An extensive analysis—50 points—of the folly of "climate policy" is found at wattsupwiththat.com; in sum it evinces there is no “climate emergency,” the goal of Net-Zero by 2050 is “delusional,” neither warranted, feasible, nor politically possible and would be so costly it would “drive a 33 percent average reduction in all government spending on health, housing, education, social welfare, police, climate adaptation, defense, social justice, etc.” As the measurable big decrease in global economic output during the pandemic lockdowns established, slashing living standards will not result in a “measurable decrease atmospheric CO2.” The only feasible means to phase out fossil fuels are technological advances, which means the shift cannot be mandated by government and of necessity the shift will be slow.

In any event, nothing the West can do changes the fact that during the next quarter century “over 80 percent of all increased global emissions” will occur in Asia. Moreover, for decades to come, “Asia, South America, and Africa “will represent over 90 percent of future increases in energy consumption.” Any effort must be global, not nation-by-nation. It’s simply not a first-world issue, and it’s irrational to pretend otherwise.

Women's work.

Also irrational is the pretense that we can limit energy use. We need it for everything and the demand is growing. It may be a surprise to learn that “Global smart phone production uses 15 percent more energy as the automotive industry.... the Cloud uses twice a much electricity worldwide as all of Japan.” This would surely set back on their heels the anti-fossil fuel crowd gathered everywhere in clothes manufactured from petroleum-based materials and coordinating their activities by iPhones, if only someone told them. 

In the meantime, this winter Europeans are getting to see first hand the folly of the "climate change" cult thinking of the European Union and its national leaders. They are already seeing food and energy shortages and the beginning of deindustrialization. In a series of tweets Alexander Stahel, CIO of a Swiss investment management firm, sets out a number of developments in various European countries, to flesh out what news summaries do not—the desperate near- and long-term consequences of Europe’s “gigantic structural” problem. Here are a few examples.

As prices increase, along with scarce food, limited transport options, and winter heating, it’s easy to see why unrest in Europe is growing. The Yellow Vests in France have been demonstrating against, inter alia, rising fuel costs and austerity measures for almost four years. (The most recent French complaint about the emissions mandates involve the E.U.’s ban on an insecticide needed to deal with a beetle that devastates mustard plants.)
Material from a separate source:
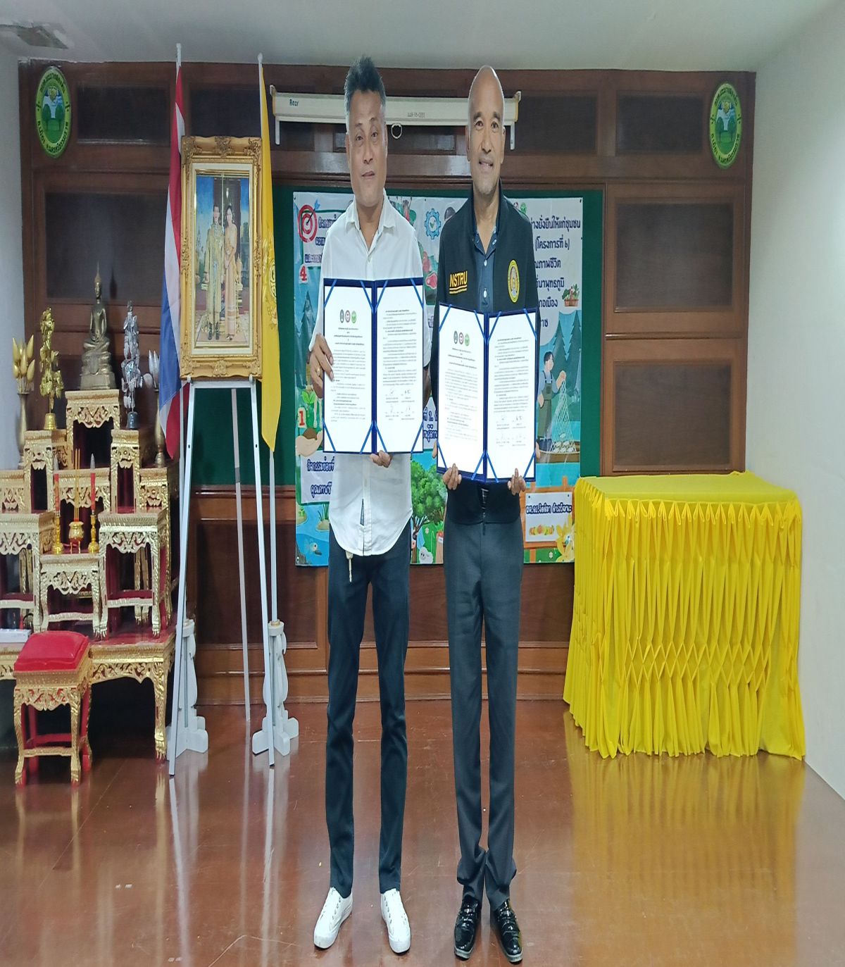 ผู้ช่วยศาสตราจารย์ ดร.สุรินทร์ ทองทศ คณบดีคณะมนุษยศาสตร์และสังคมศาสตร์ มหาวิทยาลัยราชภัฏนครศรีธรรมราช ลงนามบันทึกข้อตกลงความร่วมมือการดำเนินโครงการบริการวิชาการ กับนายพิเชษฐ์ ชตาเริก นายกองค์การบริหารส่วนตำบลมะม่วงสองต้น อำเภอเมือง จังหวัดนครศรีธรรมราช เมื่อวันที่ 31 มีนาคม 2569 ณ ห้องประชุมองค์การบริหารส่วนตำบลมะม่วงสองต้น อำเภอเมือง จังหวัดนครศรีธรรมราช

In the Netherlands, farmers have been protesting and blocking roads with their tractors for almost three years because of proposals to limit industrial fodder and livestock production to lower emissions from the nitrogen cycle. More recently, protests have against energy shortages have cropped up in Belgium where thousands of people have been protesting against the huge rise in the cost of living, driving “rising food prices, startling energy bills and frustration with politicians and employers.”

And then there’s Italy, where conservative firebrand Giorgia Meloni is poised to occupy the prime minister’s office after the recent elections saw her Brothers of Italy party surge to power. Meloni is more concerned with battling Europe's coming energy crisis than she is with "climate change," and has called for the EU. member states to work together to solve the problem before the problem solves them: "We need a common solution at the European level to help firms and families," she said in a statement. "No member state can offer effective and long term solutions on its own." Meloni's position on "climate change" already has the Left terrified, and its slander machine going full blast:

Giorgia Meloni, leader of the neo-fascist, right-wing populist Brothers of Italy party, is poised to become Italy’s first woman prime minister. This is as much a victory for feminism as Margaret Thatcher’s premiership in the UK, which is to say that it is no victory at all. Meloni boasts the familiar spate of ultra-conservative views with a few terrifying twists: not only has she called Mussolini a “good politician,” she also aligns herself with the white nationalist “great replacement” conspiracy theory. While her fascist leanings and the threats her ascent poses to human rights have been widely discussed, Meloni’s stance on environmental issues has been left relatively uninterrogated... it seems that Italy’s next government will be pursuing the promise of nuclear power and leaning into domestic natural gas extraction. Renewable energy forms, like solar and wind, are decidedly absent from the agenda. Meloni’s party has also criticised the EU’s ban on combustion engine cars by 2035 as “a sensational own-goal” and is likely to support junior coalition partner Matteo Salvini’s call for an Italian referendum to overturn the decision.

Also women's work.

Ursula Von der Leyen, president of the European Commission, threatened the Meloni coalition with "consequences" if it “veers from democracy,” which is rather ironic as there’s nothing particularly democratic about the Commission, the executive branch of the European Union, both of which are self-perpetuating sclerotic bureaucracies. Her threat reminds that the Commission has called upon the Union’s council to suspend 7.5 billion Euros from Hungary for “corruption.” Poland has said it will oppose such sanctions and criticized Von der Leyen’s not so veiled threats as did several Italian political leaders.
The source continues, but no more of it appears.